══ Dataset entries

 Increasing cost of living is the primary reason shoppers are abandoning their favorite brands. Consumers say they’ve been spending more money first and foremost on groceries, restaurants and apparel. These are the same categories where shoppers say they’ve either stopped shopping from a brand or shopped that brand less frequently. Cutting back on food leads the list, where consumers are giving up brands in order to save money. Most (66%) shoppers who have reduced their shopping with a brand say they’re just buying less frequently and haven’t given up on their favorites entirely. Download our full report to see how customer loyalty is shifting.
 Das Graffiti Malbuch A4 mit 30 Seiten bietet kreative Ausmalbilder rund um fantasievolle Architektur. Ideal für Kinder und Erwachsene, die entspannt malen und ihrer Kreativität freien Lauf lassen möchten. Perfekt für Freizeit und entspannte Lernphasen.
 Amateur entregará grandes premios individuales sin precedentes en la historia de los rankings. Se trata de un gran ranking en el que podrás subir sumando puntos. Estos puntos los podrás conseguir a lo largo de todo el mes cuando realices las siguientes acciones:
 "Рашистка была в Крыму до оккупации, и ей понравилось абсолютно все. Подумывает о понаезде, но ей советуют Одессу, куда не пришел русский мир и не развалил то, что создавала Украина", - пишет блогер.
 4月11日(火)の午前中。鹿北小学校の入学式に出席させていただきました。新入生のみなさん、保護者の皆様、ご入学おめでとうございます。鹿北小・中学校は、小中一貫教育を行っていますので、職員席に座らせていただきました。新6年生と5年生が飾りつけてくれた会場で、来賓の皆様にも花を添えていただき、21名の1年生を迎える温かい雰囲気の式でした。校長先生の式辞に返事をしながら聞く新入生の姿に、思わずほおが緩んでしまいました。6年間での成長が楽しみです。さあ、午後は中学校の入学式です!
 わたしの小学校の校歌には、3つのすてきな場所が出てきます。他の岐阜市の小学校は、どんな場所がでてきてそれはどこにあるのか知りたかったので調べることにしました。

════
══ Dataset entries

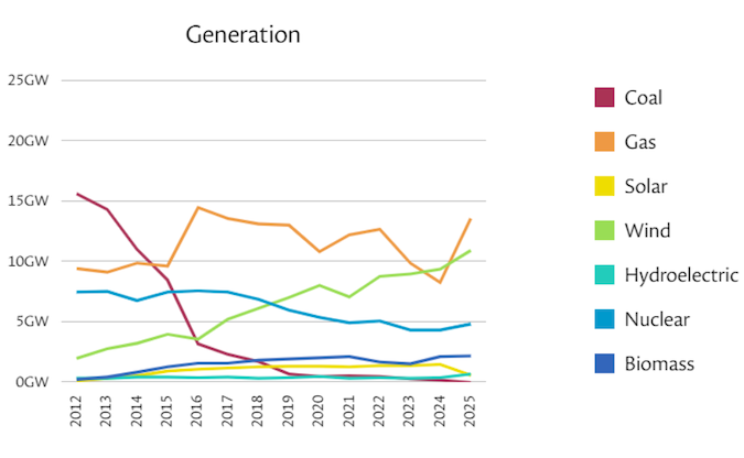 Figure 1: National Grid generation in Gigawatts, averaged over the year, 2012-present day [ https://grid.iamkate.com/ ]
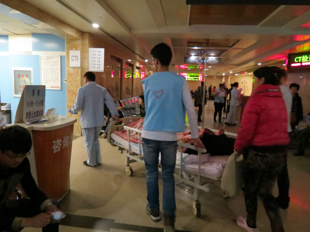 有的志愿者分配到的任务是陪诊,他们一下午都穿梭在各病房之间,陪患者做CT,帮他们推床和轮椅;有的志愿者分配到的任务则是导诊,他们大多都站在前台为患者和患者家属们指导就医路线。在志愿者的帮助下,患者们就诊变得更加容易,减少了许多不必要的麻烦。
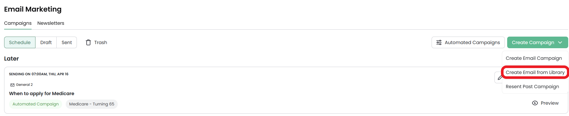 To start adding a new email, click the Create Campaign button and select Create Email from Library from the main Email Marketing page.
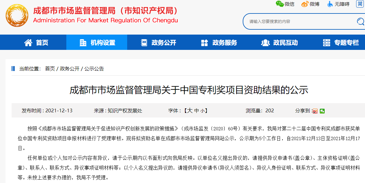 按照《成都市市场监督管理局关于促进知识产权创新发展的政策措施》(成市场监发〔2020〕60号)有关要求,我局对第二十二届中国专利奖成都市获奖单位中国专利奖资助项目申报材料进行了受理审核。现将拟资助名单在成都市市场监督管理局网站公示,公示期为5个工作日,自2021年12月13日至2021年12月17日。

════
══ Dataset entries

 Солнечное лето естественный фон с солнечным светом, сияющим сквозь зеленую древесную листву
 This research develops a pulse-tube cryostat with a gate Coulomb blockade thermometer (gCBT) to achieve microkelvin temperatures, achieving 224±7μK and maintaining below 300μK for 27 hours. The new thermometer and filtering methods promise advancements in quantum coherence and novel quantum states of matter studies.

════

### Problem details
Retype the records above, but only those lines that fall between the line containing "- пишет блогер." and the line containing "4月11日(火)の午前中。鹿", with both of those lines included, exactly as written.

### Final answer
 "Рашистка была в Крыму до оккупации, и ей понравилось абсолютно все. Подумывает о понаезде, но ей советуют Одессу, куда не пришел русский мир и не развалил то, что создавала Украина", - пишет блогер.
 4月11日(火)の午前中。鹿北小学校の入学式に出席させていただきました。新入生のみなさん、保護者の皆様、ご入学おめでとうございます。鹿北小・中学校は、小中一貫教育を行っていますので、職員席に座らせていただきました。新6年生と5年生が飾りつけてくれた会場で、来賓の皆様にも花を添えていただき、21名の1年生を迎える温かい雰囲気の式でした。校長先生の式辞に返事をしながら聞く新入生の姿に、思わずほおが緩んでしまいました。6年間での成長が楽しみです。さあ、午後は中学校の入学式です!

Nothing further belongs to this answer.